After bottoming on April 3, the DJIA’s Price Oscillator has been making a bumpy up move. That is important because bumpiness or smoothness of a move carries important information.
Our Price Oscillator is calculated using the same math as the McClellan A-D Oscillator, by finding a difference between two exponential moving averages (EMAs). The difference for the Price Oscillator is that it uses closing prices rather than daily A-D differences. See this link for details on the calculations.
A bumpy Price Oscillator is a sign of weakness for the direction of travel in which it is seen. That weakness may not manifest itself right away, but the message persists. A smooth Price Oscillator move is a sign of strength for the direction of travel in which it is seen. That strength may yield for a brief time to some corrective movement, but the message remains until it is contradicted by new information.
Here is a chart from 2006-10 which helps to illustrate this point:
During the uptrend to the 2007 market top, we saw a succession of Price Oscillator movements that were smooth up, bumpy down. That conveyed the message that the bulls were on the strong side. But that changed right after the October 2007 final price top to a smooth down, bumpy up pattern.
That finally changed in early 2009, when there was a rather bumpy down move in the Price Oscillator to the final price low in March 2009. That low was followed by a really strong price rally, which featured a smooth up move by the Price Oscillator. The message then had changed.

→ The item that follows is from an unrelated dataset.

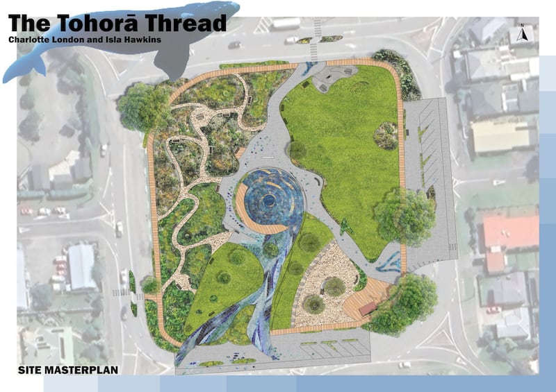 Samuel Fauth and Billy Lamont said the main path of their design, Te Haerenga o te Taniwha, would symbolise the taniwha’s journey to the ocean, the path would be surrounded by mounds, showing how the taniwha moved the earth around it.

Sometimes making an interpretation can be hard. Does one momentary bump invalidate a smooth move? As with all other types of chart analysis, this technique is not perfect and easy all the time.
For the current Price Oscillator up move, its bumpiness does not tell us exactly when the bears are going to take charge again. What it does say is that the bulls’ hearts are not really in this rally, and the bulls are not organized enough to make a nice smooth up move. That should matter very soon.